YOUR TASK
Please go line by line and repeat the data below exactly, with no images.

Records from a dataset:
****************

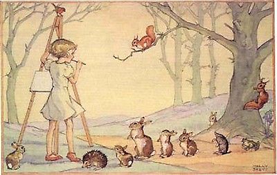 Molly Brett Postcard Which Shall I Sketch Medici Child Hedgehog Mice Squirrel
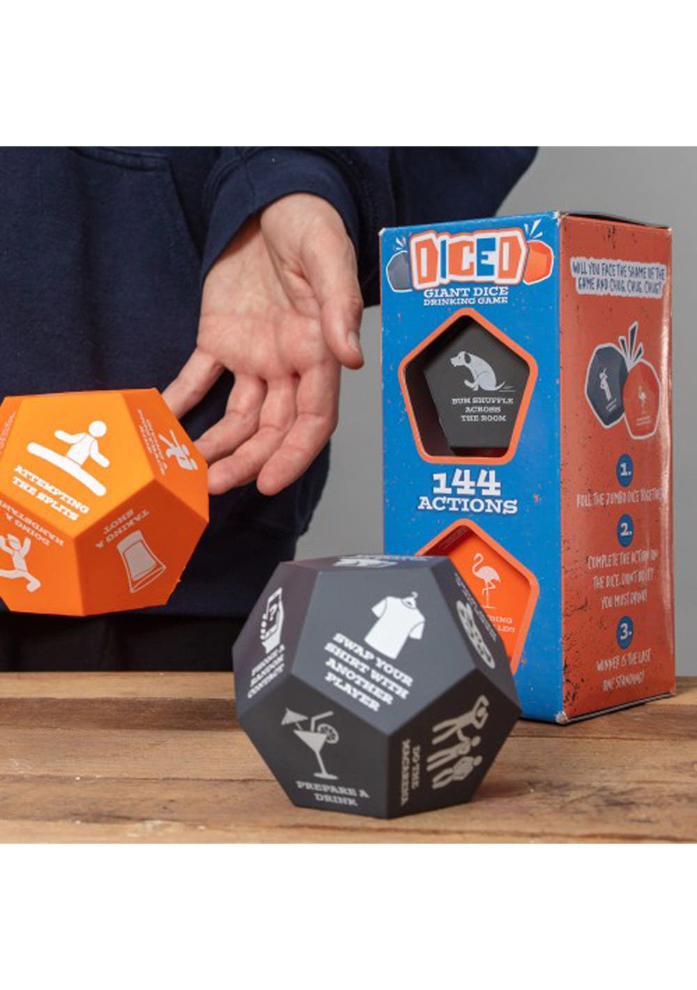Roll the dice and face the shame of the game with this fun Diced giant dice drinking game! Roll the dice, combine the actions (starting with the grey dice), and complete them - if you fail, you drink! Would you lick a big toe while pretending to be a gorilla? Or could you down a beer whilst attempting to do the splits? Whatever you land on, with 144 combinations, this is sure to keep the laughs (and the drinks) coming!
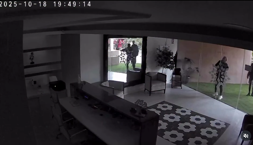 The footage, recorded on Saturday, October 18, shows masked and hooded man trying to force their way into a clinic in Magna Marbella.
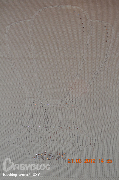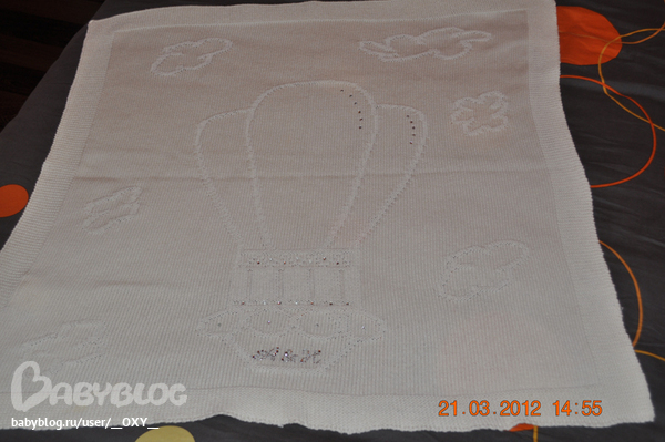 А это подруга моя подарок сделала. Очень красивый, вязаный пледик, можно на выписку использовать или просто укрывать в коляске, в люльке.
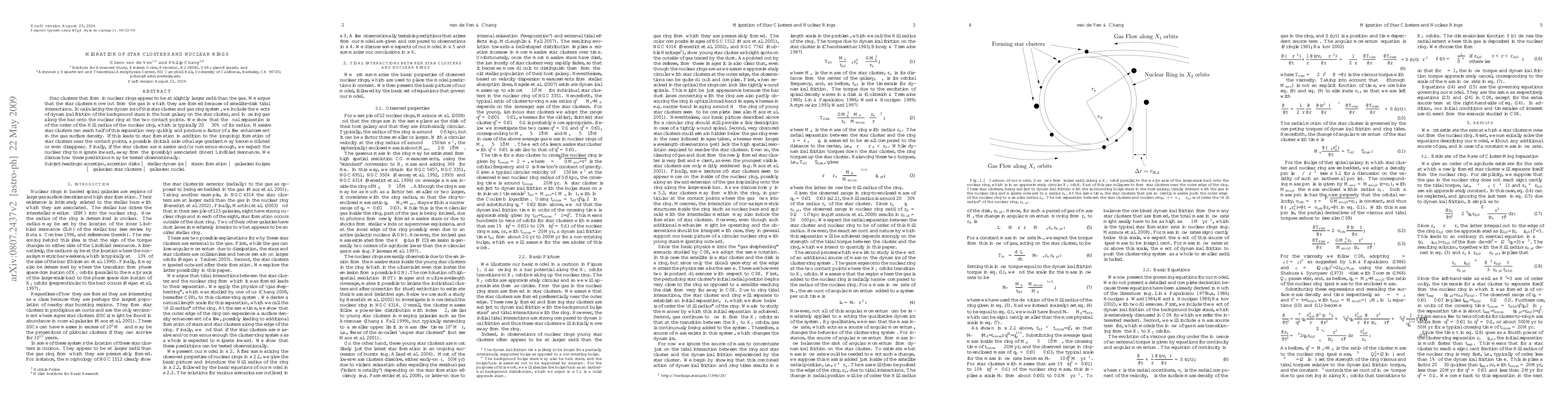 Star clusters in nuclear rings migrate out due to satellite-disk tidal interactions, potentially leading to dilution of age gradients and inward migration of the ring.
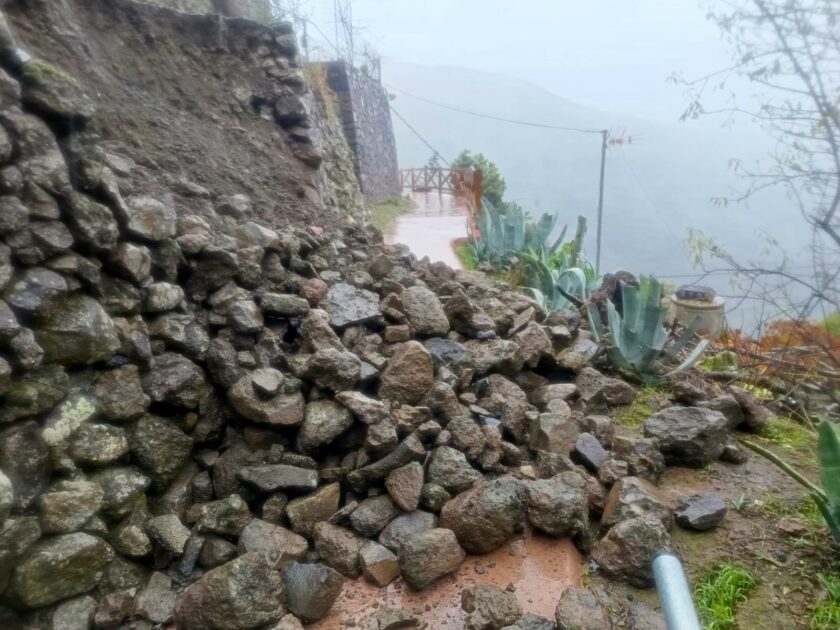 Tras el paso de la borrasca Emilia, que ha dejado precipitaciones superiores a los 200 litros por metro cuadrado en los últimos días, el Ayuntamiento de Gáldar ha activado los protocolos de emergencia para atender numerosos desprendimientos en zonas de medianías del municipio.
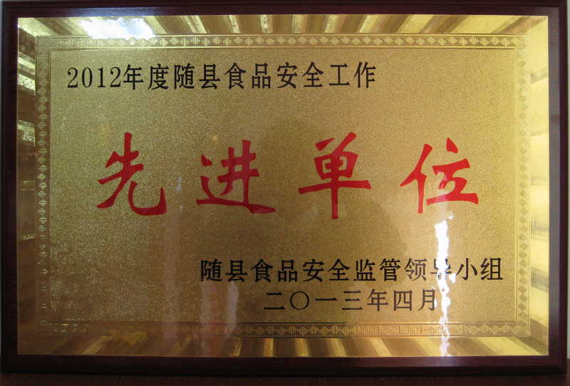 2013年4月我公司被授予2012年度隨縣食品安全工作先進(jìn)單位
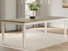 Bon appétit. This dining room extension table has all the right ingredients for a French country-inspired feast for the eyes. Antiqued two-tone aesthetic pairs a chipped white with a distressed wood finished top for a double serving of charm. Drop-in leaf allows you to comfortably accommodate eight.
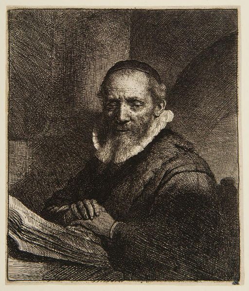 Rembrandt van Rijn created this print of Jan Cornelius Sylvius using etching and drypoint. Portraits in 17th century Netherlands served as important markers of identity and status. Sylvius, a professor of theology and a prominent religious figure, would have been keen to project an image of piety and intellectual authority. Rembrandt, however, presents a more intimate and human portrayal. Consider the somber mood and the subject’s direct gaze. The open book suggests knowledge and learning but also invites contemplation. Sylvius’s hands, clasped together, convey a sense of pensiveness. Rembrandt’s masterful use of light and shadow creates a powerful sense of depth, lending the print a palpable emotional weight. Through this etching Rembrandt invites us to consider not only the public persona of Jan Cornelius Sylvius, but also the inner world of a man grappling with faith and mortality.
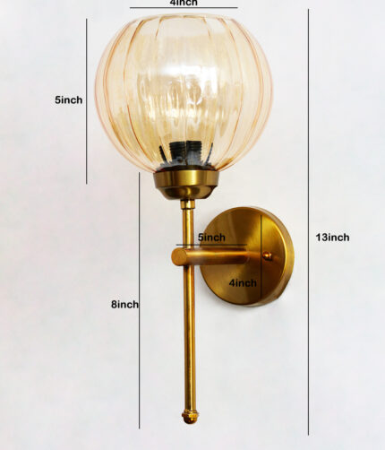 Elegant Brass Wall Sconce Amber Glass Modern Lighting
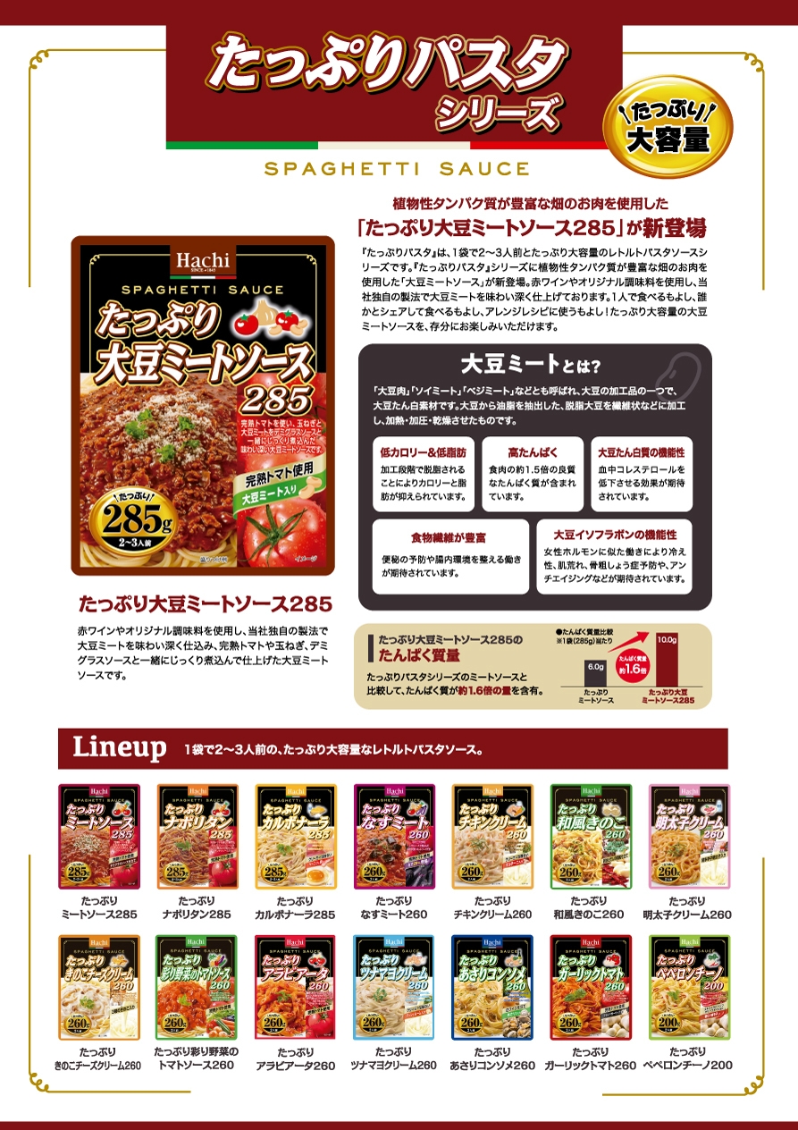 ハチ食品株式会社(大阪府大阪市、代表取締役社長:高橋 慎一)は、当社が展開するたっぷり大容量のレトルトパスタソースシリーズ『たっぷりパスタ』の新商品として、「たっぷり大豆ミートソース285」を2021年8月2日(月)に発売いたします。

****************

OUTPUT BELOW
 Molly Brett Postcard Which Shall I Sketch Medici Child Hedgehog Mice Squirrel
Roll the dice and face the shame of the game with this fun Diced giant dice drinking game! Roll the dice, combine the actions (starting with the grey dice), and complete them - if you fail, you drink! Would you lick a big toe while pretending to be a gorilla? Or could you down a beer whilst attempting to do the splits? Whatever you land on, with 144 combinations, this is sure to keep the laughs (and the drinks) coming!
 The footage, recorded on Saturday, October 18, shows masked and hooded man trying to force their way into a clinic in Magna Marbella.
 А это подруга моя подарок сделала. Очень красивый, вязаный пледик, можно на выписку использовать или просто укрывать в коляске, в люльке.
 Star clusters in nuclear rings migrate out due to satellite-disk tidal interactions, potentially leading to dilution of age gradients and inward migration of the ring.
 Tras el paso de la borrasca Emilia, que ha dejado precipitaciones superiores a los 200 litros por metro cuadrado en los últimos días, el Ayuntamiento de Gáldar ha activado los protocolos de emergencia para atender numerosos desprendimientos en zonas de medianías del municipio.
 2013年4月我公司被授予2012年度隨縣食品安全工作先進(jìn)單位
 Bon appétit. This dining room extension table has all the right ingredients for a French country-inspired feast for the eyes. Antiqued two-tone aesthetic pairs a chipped white with a distressed wood finished top for a double serving of charm. Drop-in leaf allows you to comfortably accommodate eight.
 Rembrandt van Rijn created this print of Jan Cornelius Sylvius using etching and drypoint. Portraits in 17th century Netherlands served as important markers of identity and status. Sylvius, a professor of theology and a prominent religious figure, would have been keen to project an image of piety and intellectual authority. Rembrandt, however, presents a more intimate and human portrayal. Consider the somber mood and the subject’s direct gaze. The open book suggests knowledge and learning but also invites contemplation. Sylvius’s hands, clasped together, convey a sense of pensiveness. Rembrandt’s masterful use of light and shadow creates a powerful sense of depth, lending the print a palpable emotional weight. Through this etching Rembrandt invites us to consider not only the public persona of Jan Cornelius Sylvius, but also the inner world of a man grappling with faith and mortality.
 Elegant Brass Wall Sconce Amber Glass Modern Lighting
 ハチ食品株式会社(大阪府大阪市、代表取締役社長:高橋 慎一)は、当社が展開するたっぷり大容量のレトルトパスタソースシリーズ『たっぷりパスタ』の新商品として、「たっぷり大豆ミートソース285」を2021年8月2日(月)に発売いたします。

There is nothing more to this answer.